Image: Waldo Swiegers and Thomas Falkiner

When I tell people I’m a motoring journalist, they always want to know what my favourite car is. And my answer is always the same: damn, that’s a tough one. I’ve probably driven more than a thousand cars, and there have been many, many great ones. Yet one that has always stood out is the Porsche 911.

Yes, I know, this sounds like a contemporary motoring journalist cliché. In a world filled with Magnus Walkers and Singers and Workshop 5001s, it’s easy to be swept up and made all giddy by the great 911 hype. This German sportscar has become the epitome of automotive hipsterism. It’s right up there with beards and plaid and single-speed, steel-frame bicycles, not to mention pulled-pork sandwiches. Almost overnight, the 911 became the darling of the fashionably uncool. Like a bottle of artisanal beer, it suddenly morphed into the ultimate alternative lifestyle accessory.

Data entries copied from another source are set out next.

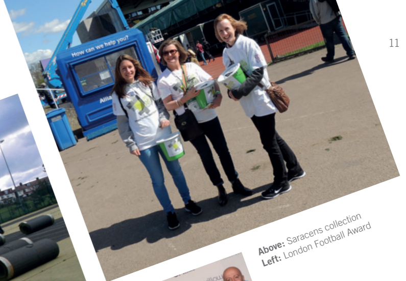
Above: Saracens collection Left: London Football Award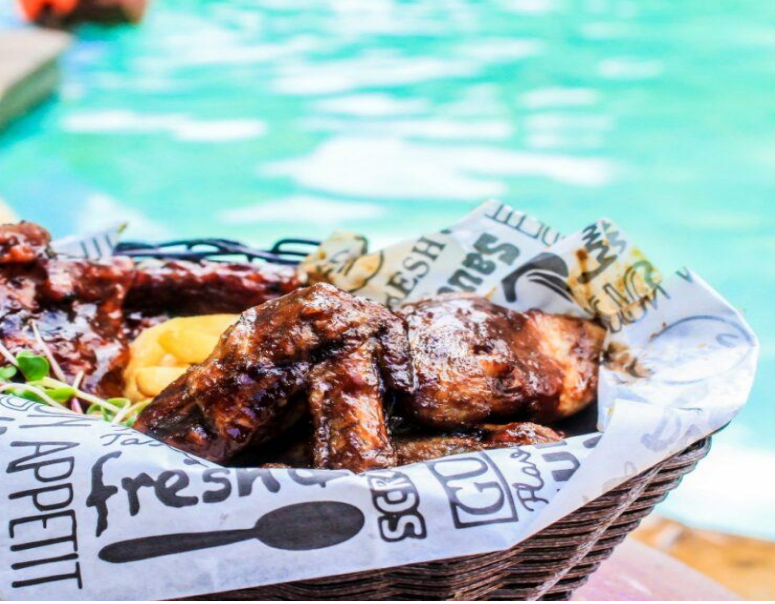
From wood-fired pizzas to authentic flame grill, there is a diverse array of restaurants.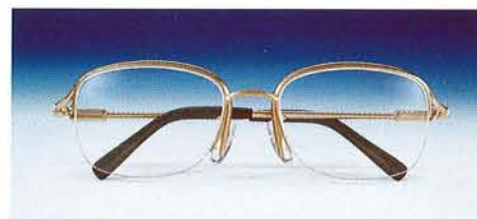
Rectangular, Half-Rim, 53/19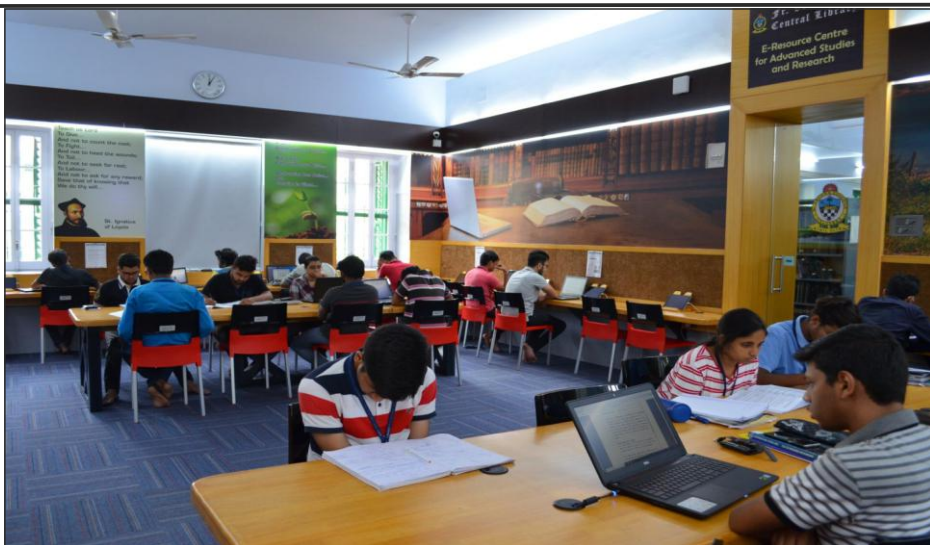
Central Library at St. Xavier's College (Autonomous), Kolkata

Our vision for the 21st century must be to make India a knowledge society. What do I mean by that phrase? To me, a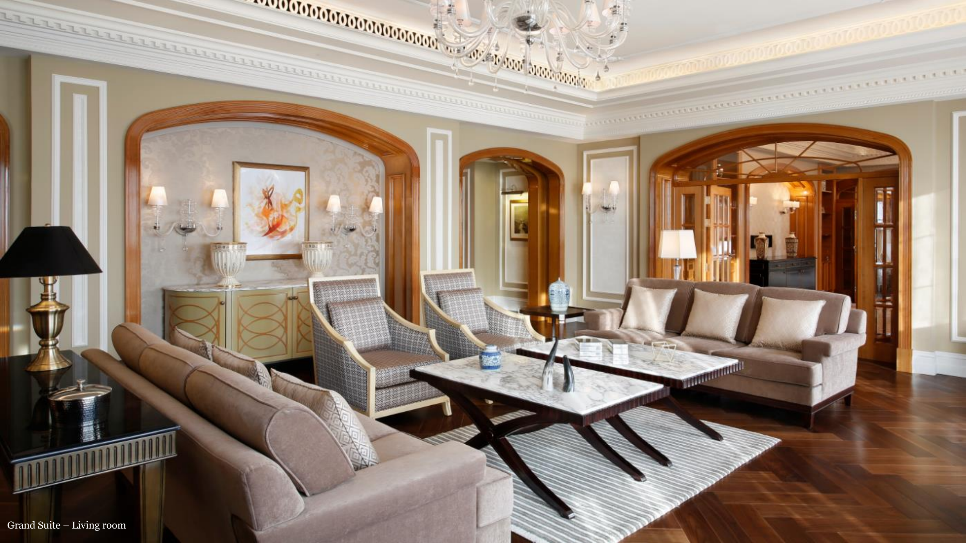
Grand Suite – Living room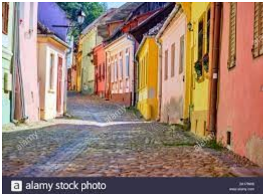
Pavés de Sighisoara

On the Transylvanian Plateau, besides the cobbled streets in the historic centre of Sighișoara and the Nicula monastery in Gherla, a few climbs used in the Tour of Sibiu (Dealul Dăii, Pelișor and Ruși) have been selected, as well as the Cheile (gorges) Babei towards Coroieni.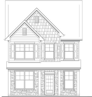
Elevation B 2 car garage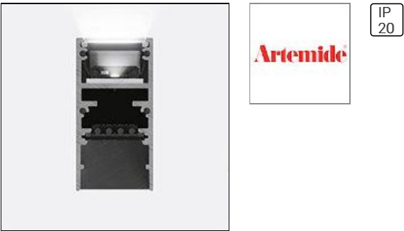
A.24 SOSP. BINARIO MAGNETICO + INDIRETTA 2700K 2352mm BBRZ

A.24 SOSP. BINARIO MAGNETICO + INDIRETTA 2700K 2352MM BBRZ AQ40720 ARTEMIDE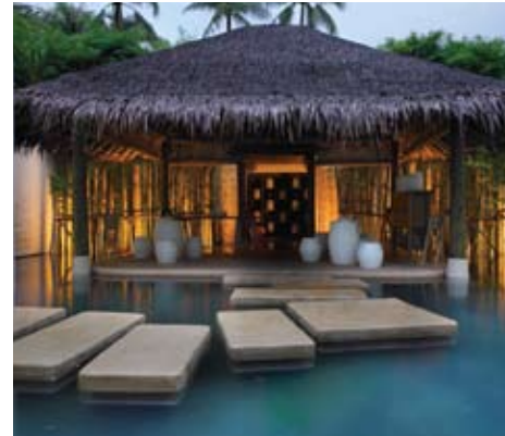
Chinese Spa Tea Room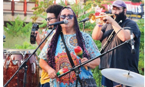
July - Das Dat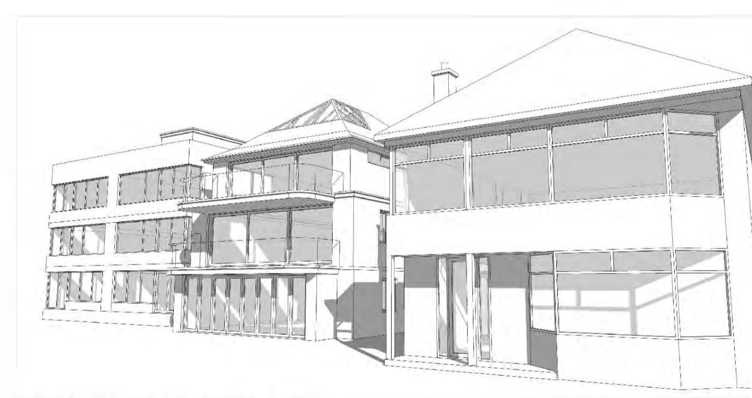
VIEW TOWARDS VICEROY COURT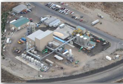
ZeaChem's demonstration-scale facility in Boardman, OR, processing woodchips for conversion to ethanol.

Advanced biofuel production is key to compliance with two important policies: the federal Renewable Fuel Standard (RFS) and California's Low Carbon Fuel Standard (LCFS). RFS is a volumetric mandate that requires specific levels of a variety of renewable fuels each year and includes an advanced biofuels mandate. The LCFS is a performance standard that requires a gradual reduction in the carbon intensity of California's fuel mix between 2011 and 2020. We use our domestic capacity projections to assess the industry's potential to meet these standards and discuss the policies themselves in section V. For both standards, it is possible there will be additional capacity beyond projects tracked by E2.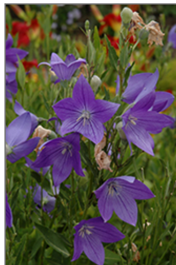
Fuji Blue Balloon Flower flowers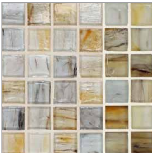
Natural | Silk Indium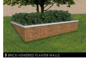
5 BRICK-VENEERED PLANTER WALLS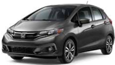
Modern Steel Metallic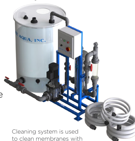
Cleaning system is used to clean membranes with Pure Aqua's PAClean-LPH and PAClean-HPH

PAClean-LPH is a mildly-acidic RO membrane cleaner for removing fouling caused by iron salts, oxides and hydroxides. It can also be used to remove calcium carbonate scaling.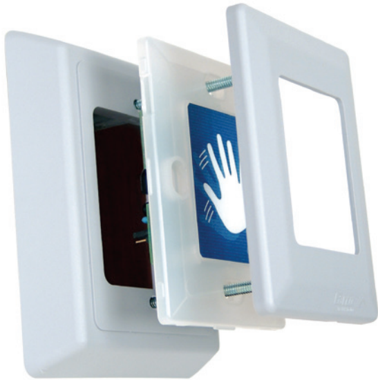
U-WAV is easy to install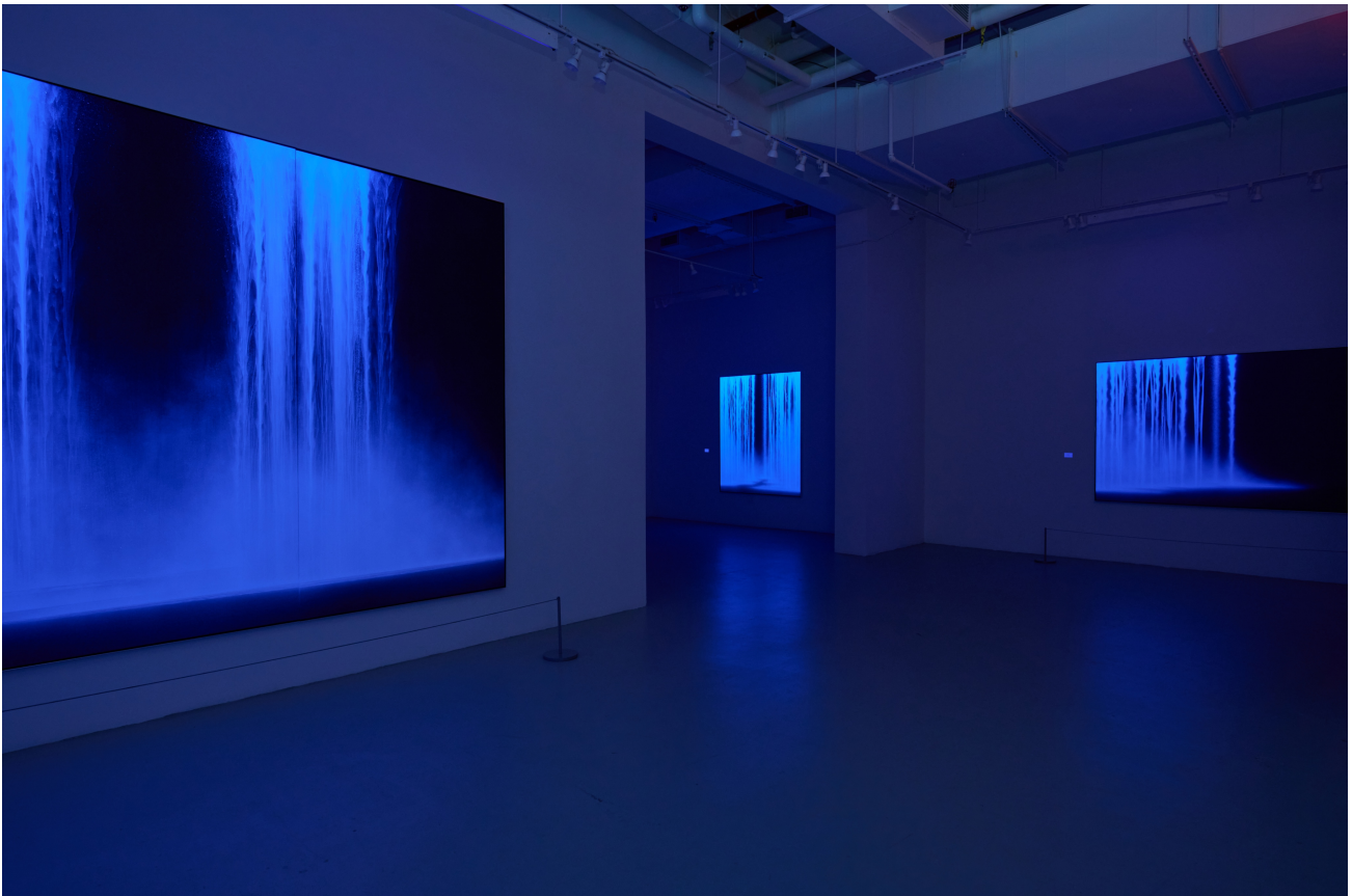
Paintings by Hiroshi Senju.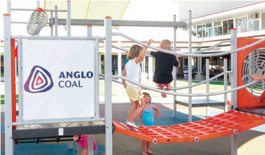
In August 2009 Middlemount children tried out the new playground at a welcome morning tea for new Anglo families.

Engagement with local stakeholders enables ACA to identify local initiatives and projects it can invest in, and deliver on community expectations.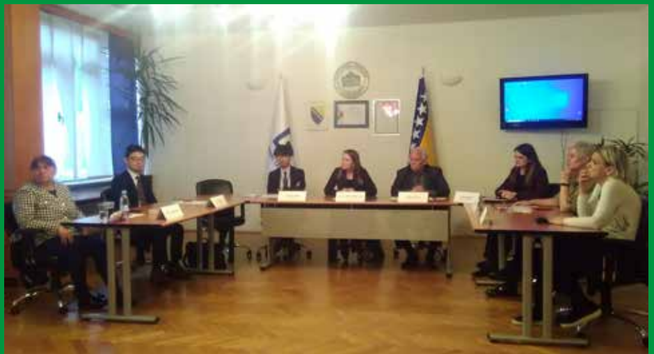
Opening ceremony at the University of Sarajevo

The teaching team consists of highly qualified Japanese professors, trainers from Bulgarian University of National and World Economy (UNWE), who underwent specialization in Japan, as well as lecturers from the SEBS, with extensive practical experience. With this course, JICA assists managers of SMEs and entrepreneurs who are interested in Japanese business management, to take their active role in contributing economy of BiH and jobs creation in the constantly changing business environment.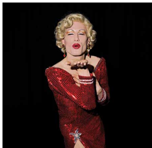
RIGHT Vale 2002 light jet print 80 x 240 cm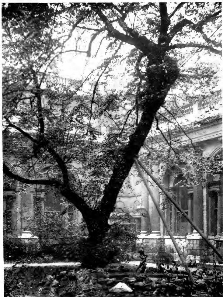
Lime Tree in Court at Bank of England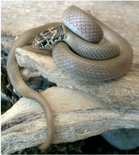
Fig. 2. Eirenis levantinus (ZDEU 199/2007, Nr.1). female, from Selvili Tepe (=Kornos), N. Cyprus.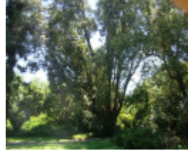
T11914 Metrosideros excelsa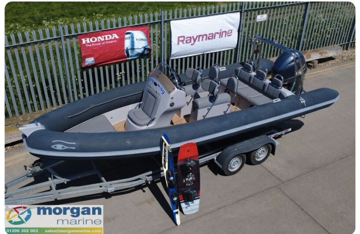
Ribeye S650 - overview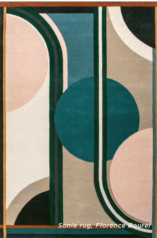
Sonia rug, Florence Bourel

Through its wide range of colours, Toulemonde Bochart personalises all interiors: pastel and neutral colours in a bohemian spirit, and bright colours for a more retro atmosphere.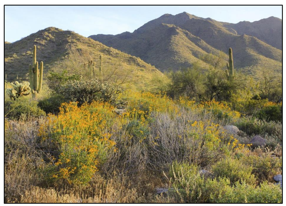
Figure 37: Tucson's landscape in bloom

The committee considered all possible activities as potential mitigation measures, noting which ones were valid and which ones should not be considered. The problem statements were arranged in matrices according to hazard, and the top five problems were listed so that they could be assessed against their potential mitigation activities in a systematic way. Blanks in the matrices mean that the activities were considered, but the FMP committee did not deem them applicable. The full spreadsheets are located in the Appendix of this report. As the committee filled out the matrices, they were asked to highlight the activities the committee recommended most for those problem statements. Although not all activities were selected for inclusion in the action plan, the city will catalogue all responses for consideration in future updates to the FMP.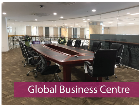
Global Business Centre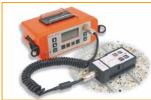
Elcometer 3312 B Covermeter

The gauges store up to 240,000 cover and Half-Cell readings side by side in their extensive memories. Available in models SH and TH, the Elcometer 3312 Covermeter with Half-Cell is perhaps the most versatile and cost effective Covermeter on the market today.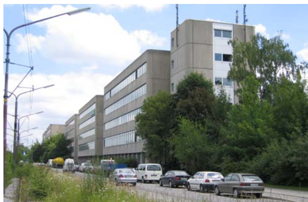
Siemens Munich: light and blind control in eleven office buildings using EnOcean radio sensors.

Inside blinds reduce glare. Contrary to outside shutters and blinds, however, they are not as effective in preventing the room from heating up in summer. Outside shutters and awnings thus reduce the energy requirement for air-conditioning systems, but also require flexible operation directly at the workplace or from the living room couch. Radio controls, therefore, win more and more recognition. Currently, a total of 25% of all electric roller blinds and 60% of all awnings in Europe are already operated by radio control (source: IO Homecontrol).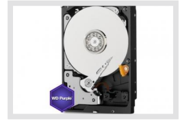
HDD-8000SATA Purple|SKU: 218583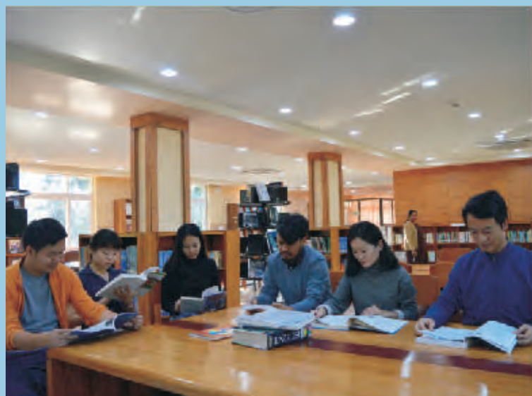
Students in Library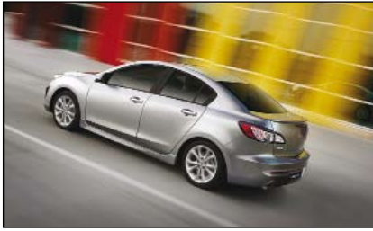
Mazda3 From $21,990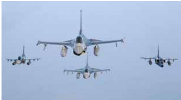
The IAF recently held a major exercise in the northern frontier near Arunachal.

An image from China's Bangda Airbase, which lies just 150 km northeast of Arunachal Pradesh, shows the presence of a state-of-the-art WZ-7 'Soaring Dragon' drone.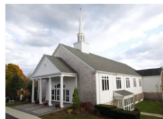
Saint Anthony of Padua Church 26 Hammond St. Mattapoisett, MA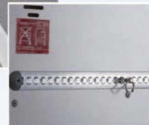
VANYCARE® Lashing Rails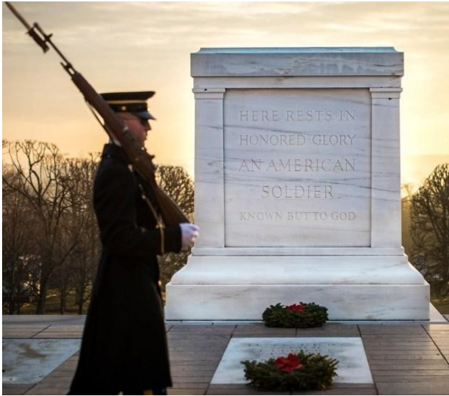
Tomb of the Unknown Soldier Arlington National Cemetery

HERE RESTS IN HONORED GLORY AN AMERICAN SOLDIER KNOWN BUT TO GOD

So it’s easy to board the gravy train and loudly proclaim your undying love. However, and perhaps you might have already picked up on this, I have been a fan since before I could write. When I was a kid I had an old ice-cream tub full of Matchbox models: a mobile garage that harboured all sorts of interesting colours and shapes and angles. The one I liked the most had these big, bloated wheel arches and a huge wing protruding from the space below its rear windscreen. I asked my mom what it was and whether it existed in real life. She told me that it did and that it was called a Porsche.

Image: Waldo Swiegers and Thomas Falkiner

Porsche? Damn, talk about exotic-sounding. Now, when you’re a kid you don’t expect to see such objects of affection in real life, but then one day I did. It was probably on the old Parkhurst strip, walking with my mom to the American Café, that I first saw a 911 in the metal. And, as with my Matchbox model, I was smitten. It had a shape unlike anything else: a hunkered-down profile that intrigued me. Even back then, I could sense there was something very different about this car.

A couple of decades later, I’d find out that there certainly was. You see, just before the hipsters adopted them as their own, the old air-cooled Porsche 911 models were a dime a dozen. You could, on a sunny Sunday afternoon, page through the Autotrader and find many tidy examples vying for a new home. Taking advantage of his downplayed mid-life crisis, I encouraged my old man to get one. And he did.

For the price of a new Renault Sandero Stepway, he acquired a 1980 Porsche 911 SC. Although its paint wore the patina of a life well-lived, it was, for all intents and purposes, in great mechanical nick. After the inevitable buyer’s remorse he really started to bond with it. So did I: simply because it was like no other car I’d ever piloted before — it was eccentric. The interior ventilation controls made no sense. The heater was actuated via a lever set in-between the two seats. The pedals were offset. The steering wheel was positioned too close to the dash. Yet all these quirks seemed to disappear the moment you twisted that key.

Image: Waldo Swiegers and Thomas Falkiner

For somebody accustomed to glossy new press-fleet cars filled with driver aids and active suspension technologies, this old mechanical 911 was something of a revelation, not to mention a challenge. We have all heard the gory horror stories about how disobedient these tail-heavy machines can be. And after just a few short sessions behind the wheel I discovered that they were nothing but true.

I soon learnt that driving an old 911 demanded respect and patience: slow in, fast out — never lift. Unlike in an Audi TTS, you had to think about the corner approaching. You couldn’t just bulldoze your way in and hope for the best. I found myself thinking much more about my driving technique and listening, via my fingers and thighs, to what the car was telling me. Once we’d established some kind of rapport, the SC and I got along fine.

My dad, unfortunately, is no longer around, but the Porsche is. More than ever, I look forward to driving it, and I especially look forward to all the trappings that come with the privilege of doing so. The aroma of hot oil (13-litres, no less); that distinctive, clattery roar of the flat-six engine; those five analogue dials that broadcast everything I need to know about the car’s vitals — and nothing I don’t.

Image: Waldo Swiegers and Thomas Falkiner

This 30-year-old juggernaut has become my personal decompression chamber. What also makes the SC special is the fact that it comes attached to a heritage few marques can match. It stems from a breed of car that, in many different guises, of course, killed it in the racing world. Consequently, it’s extremely easy to imagine that you’re some gentleman racing driver hurtling down the old Mulsanne straight at Le Mans.

Yeah, driving an old air-cooled Porsche is escapism mixed in with a good helping of romance and danger. It reaffirms my love of the automobile and reawakens senses that have, thanks to the flattery of modern cars, been left to atrophy.